Not all the columns are needed for analysis and they were not "varified" by the second reviewer as they were not used in analysis. Unreviewed columns include a \*:


## Data set 1: College EBP and Research Requirements

Column | What it refers to
:---|:------
ID | Unique entry ID
College_ID | Name of the college
Reserach_stage_ID | Research stage using Glaszious' Triangle
Competency_ID | Using Blooms Taxonomy
Compulsory_YES_ID|Whether the learning activity or assessment is repeated
Repeated_learning_YES_ID| Whether the learning activity or assessment is repeated
Activity | Text extracted from college documents
\* Source document | Where the text was extracted from
constructive_type | Whether the row is about a learning outcome, learning activity or assessment
scholarly_project | Whether the learning activity or assessment is associated with a scholarly project
activity_type|Type of learning activity or assessment activity (e.g.

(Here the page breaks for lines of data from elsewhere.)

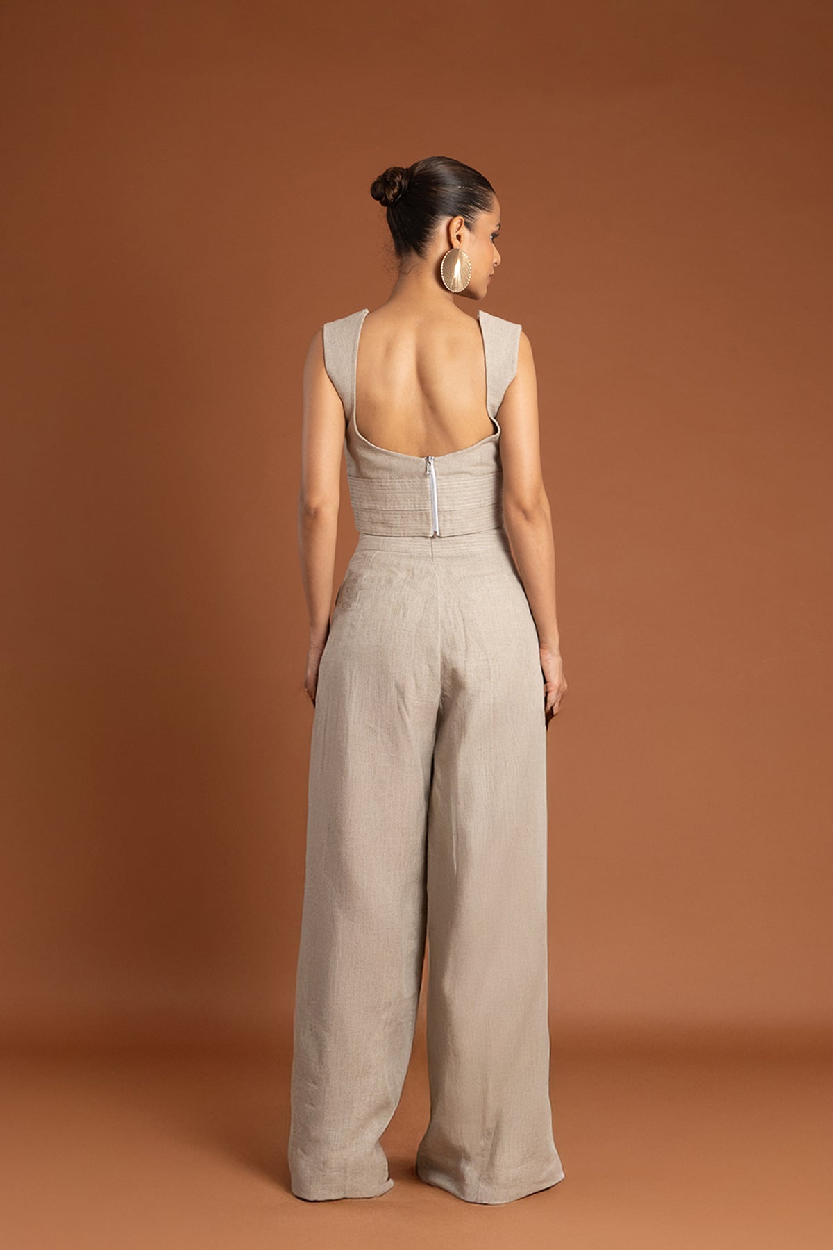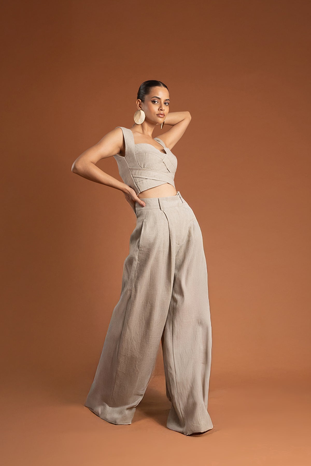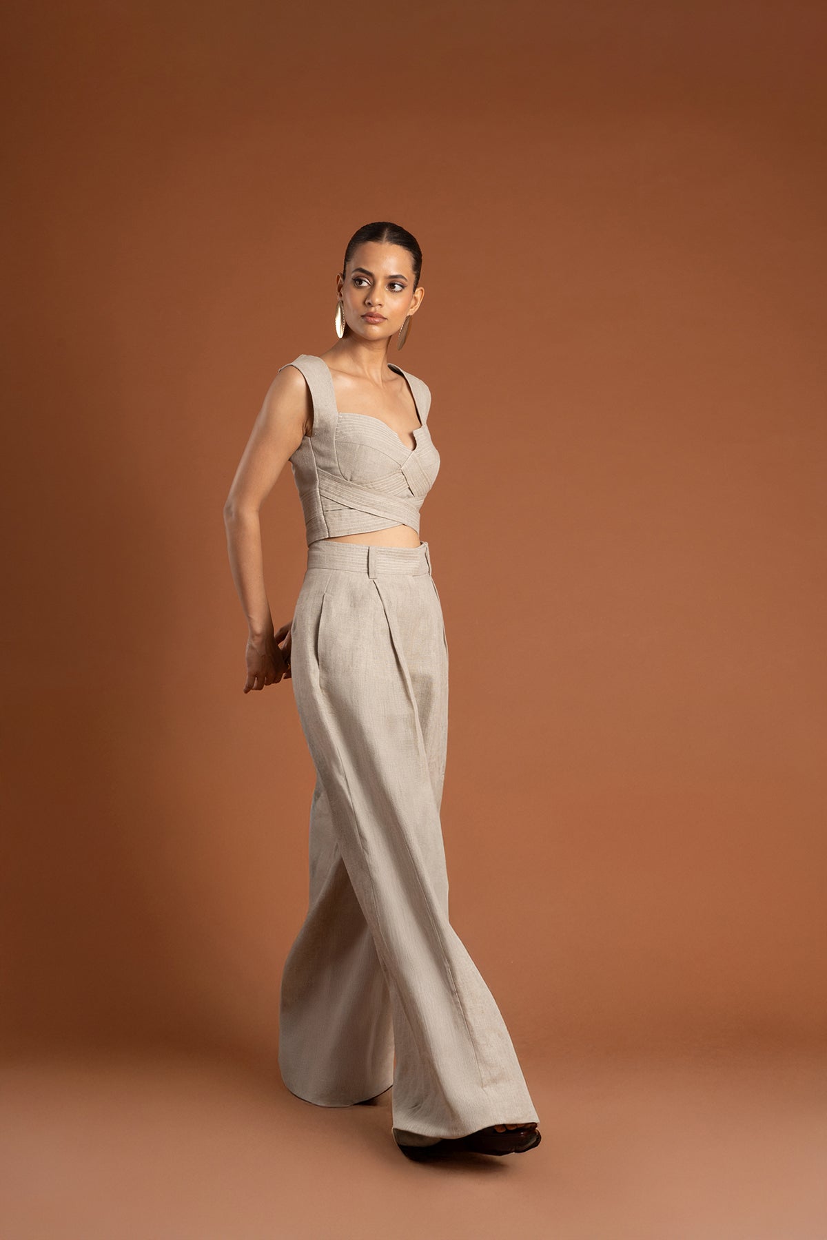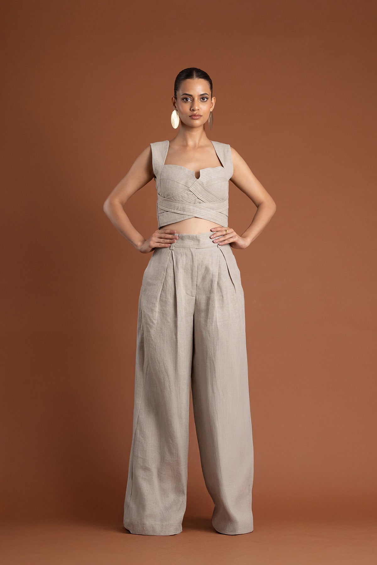 Effortlessly structured and endlessly flattering — the Sable Trousers are crafted in premium linen for elevated everyday dressing. Designed with a high-waisted fit and soft pleats that create a fluid, elongated silhouette, they offer both comfort and sophistication. The relaxed yet tailored shape flows with grace, making them perfect for warm days when you want to look powerful, polished, and effortlessly undone. Pair them with the matching corset-style crop top or your favorite blouse for a look that moves seamlessly from day to night.
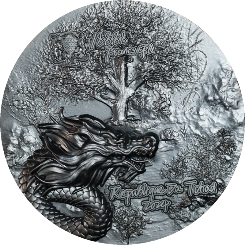 Chad silver coin "Azure Dragon. Obsidian Black" 2024, 155.5g of pure silver (0.999 proof)
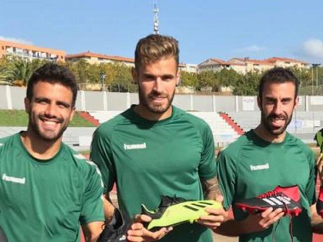 Rodrigo Flórez -en el centro- con algunos compañeros en el Plasencia. / Plasencia
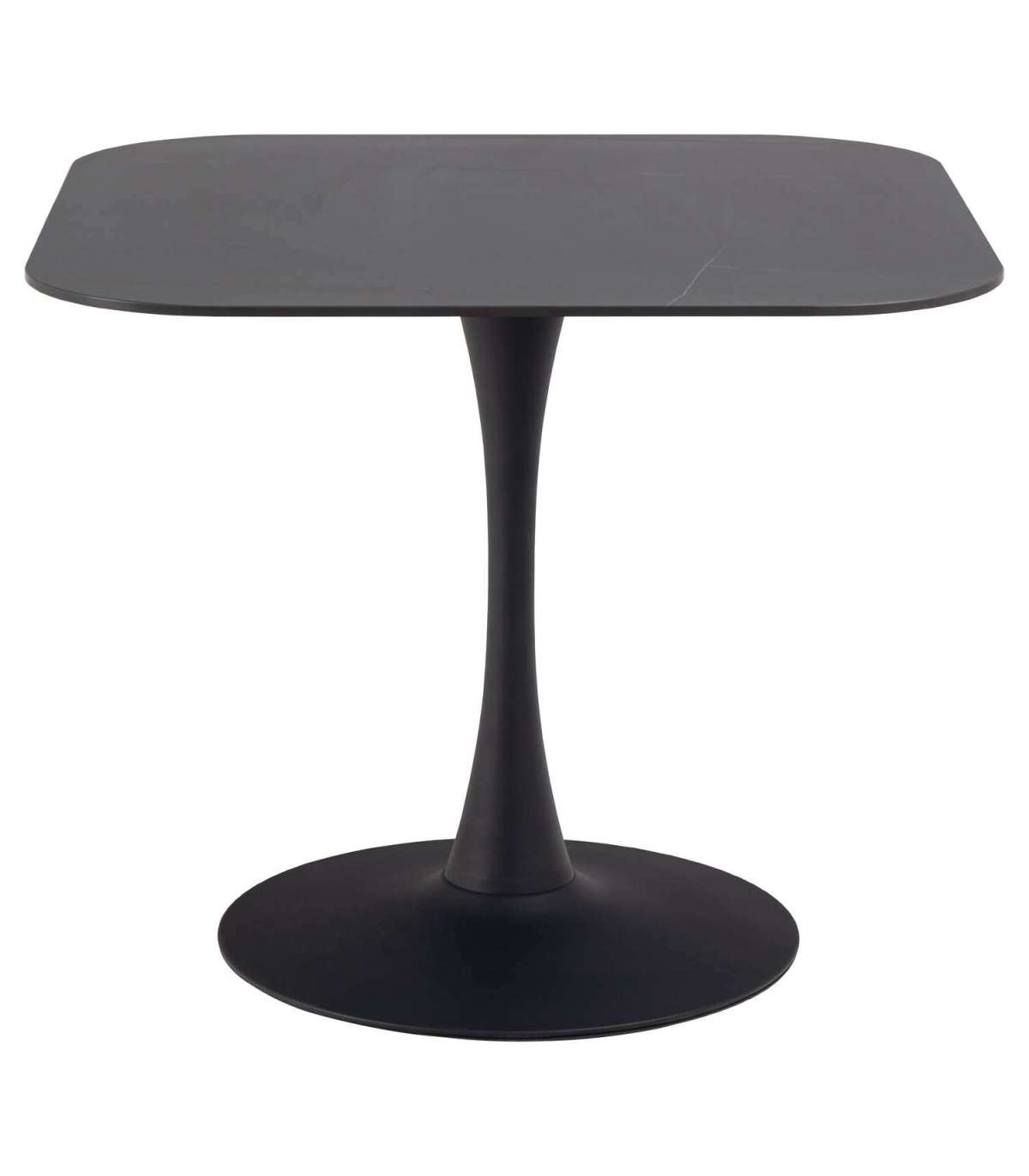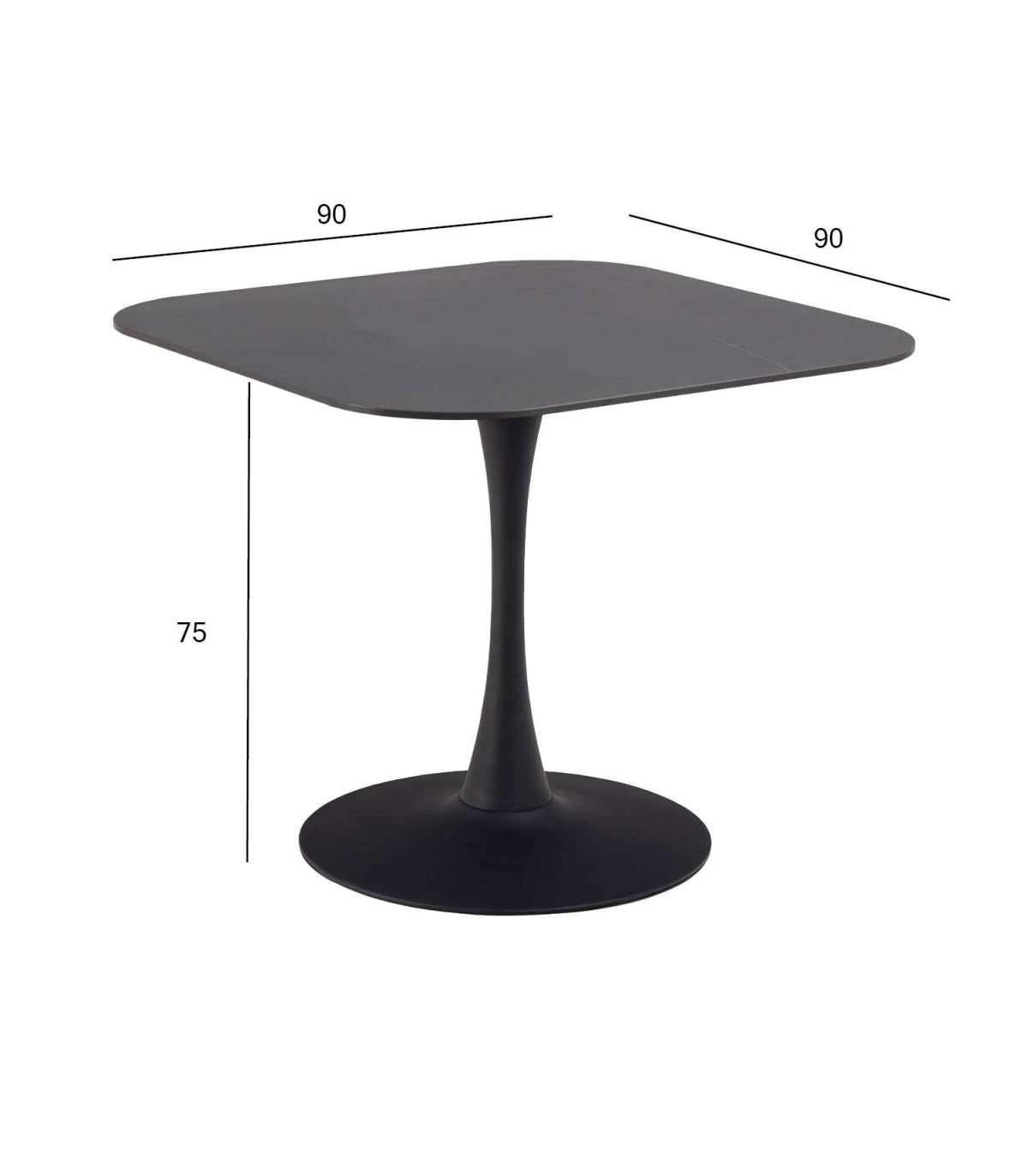Vastupidav ja stiilne kandiline söögilaud. Kuumus- ja kriimustuskindel keraamiline lauaplaat. Must pulbervärvitud metallist alus. Mahutab mugavalt 4 inimest. Toote mõõdud on 90x90xH75cm.
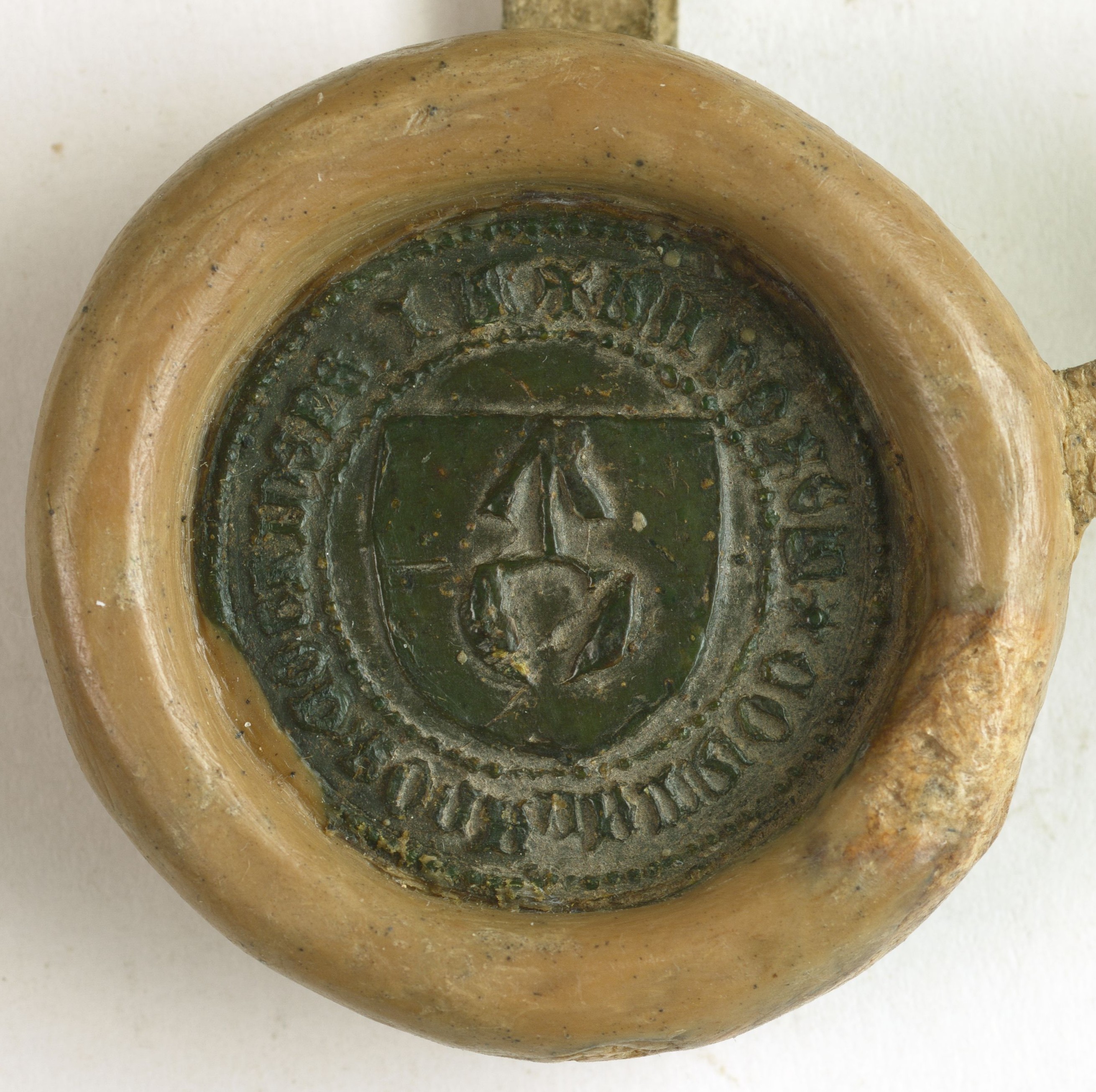 Miska pieczęci w większości niezachowana, współcześnie uzupełniona jasnym woskiem.
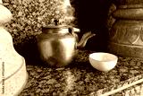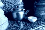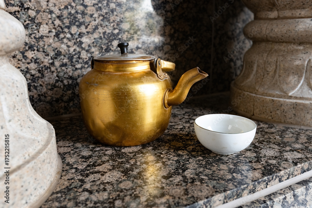 Tea pot and tea cup close up, traditional tea attributes in Tajikistan
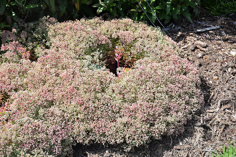 A low mounded stonecrop, featuring clusters of rosy pink flowers held atop distinct silvery blue-green succulent foliage; a drought-tolerant perennial that does best in poor soils; a colorful groundcover or feature in containers or rock gardens
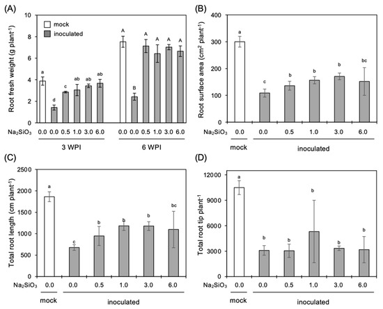 Root growth parameters were also significantly (p < 0.05) reduced in response to RCR; FWs decreased by 63% and 68%, surface area decreased by 25% and 64%, total length decreased by 43% and 64%, and total tip number decreased by 31% and 71% at 3 and 6 WPI, respectively (Figure 4). However, again, root growth parameters, except for total tip number, were effectively restored by Si treatment (Figure 4).
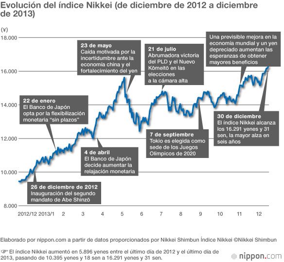 (Fotografía del encabezado: el primer ministro Abe Shinzō participa en una ceremonia en la bolsa de Tokio en la última sesión del año celebrada el 30 de diciembre de 2013. Cortesía de Tōyō Keizai/Aflo.)
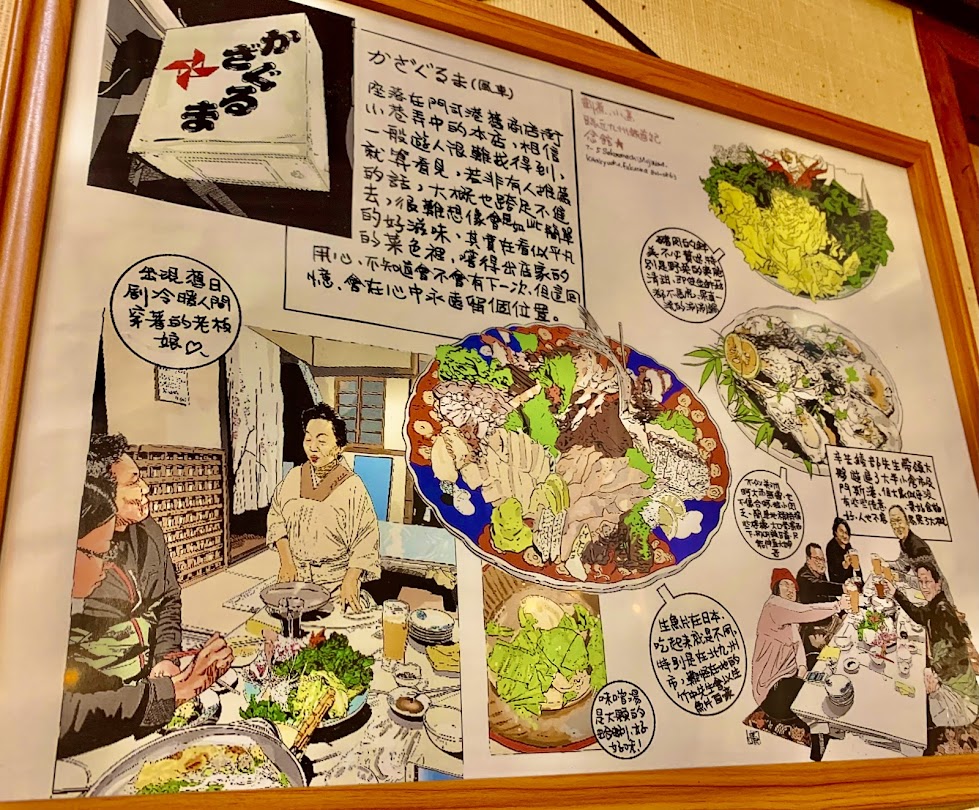 お店の絵が飾られていたが、よく見ると、日本語ではない。中国語。聞けばここを訪れた台湾人がプレゼントしてくれたらしい。まあ上手に描かれてるし、これを書いてくれるというのは、ここの女将さんの人徳なんだろうな。
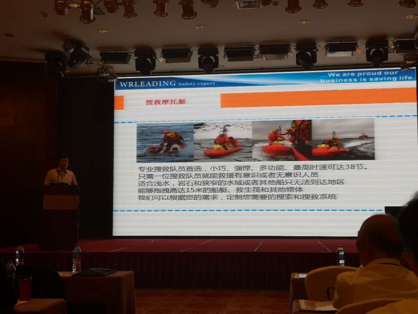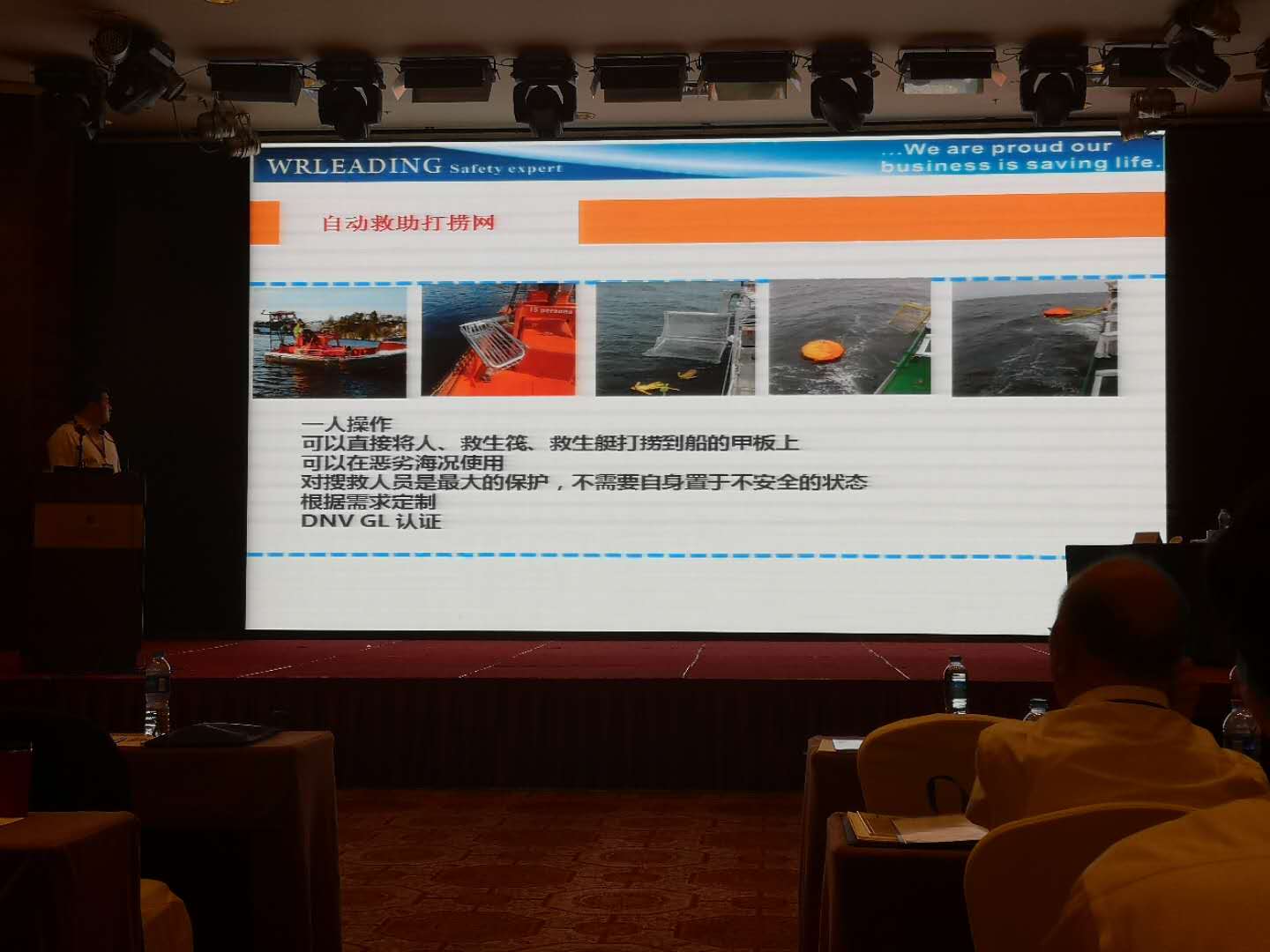在此次论坛上,王建军介绍了领海集团的发展情况,并且重点介绍了领海的新产品,包括Seawind飞行员服、快速巡逻艇和自动救助打捞网。这些新产品赢得了与会交通部救捞局领导和来自18个国家的代表一致称赞。
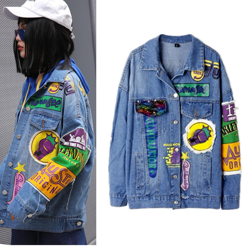 New Denim jacket women geek ROCK Letters print high street women outerwear coat Appliques oversized causal punk jackets NZ28
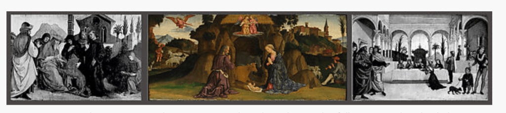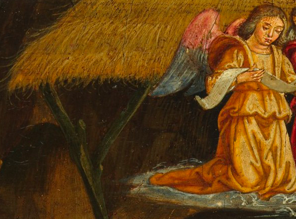 Le détail des anges est issu d’une La Nativité, peinte vers 1482, par Antoniazzo Romano (1435-40-1508). Une détrempe sur bois de 29,2 x 67,3 cm, conservée à New York, au MET.

Scholarly Project)
LEARNINGA_research_training|Whether the learning activity is a form of formal research training
LEARNINGA_experienced_supervisor|Whether the scholarly project learning activity requires a research experienced supervisor: This was dispended, and category used instead.
LEARNINGA_experienced_supervisor_ID|Level of required research expertise by supervisor as described by the college
activity_type|Type of learning activity or assessment activity
\* RPL|Whether the learning activity or assessment has any recognition of prior learning
reviewed| Whether the entry has been reviewed by a second reviewer
discrepencies_resolved| Whether discrepencies have been resolved
exclude| Whether the row needs to be excluded from analysis
reason| descriptions of learning activity or assessment
project_category_ID| only option, points based or options based
HDR_option| Whether the scholarly project learning activity is a Higher Degree by Research(HDR) option or the assessment is associated with HDR: needs to be removed from analysis as we are interested in non-HDR project requirements
Assessment_format_ID | Assessment format category (e.g. publication, written exam, etc)
Criteria_YES_ID | Whether marking criteria was available for the assessment
Criteria_detail | Text extracted from college documents regarding marking critiera
HDR_option_avail|If the learning is a scholarly project, whether it can be completed as a HDR instead.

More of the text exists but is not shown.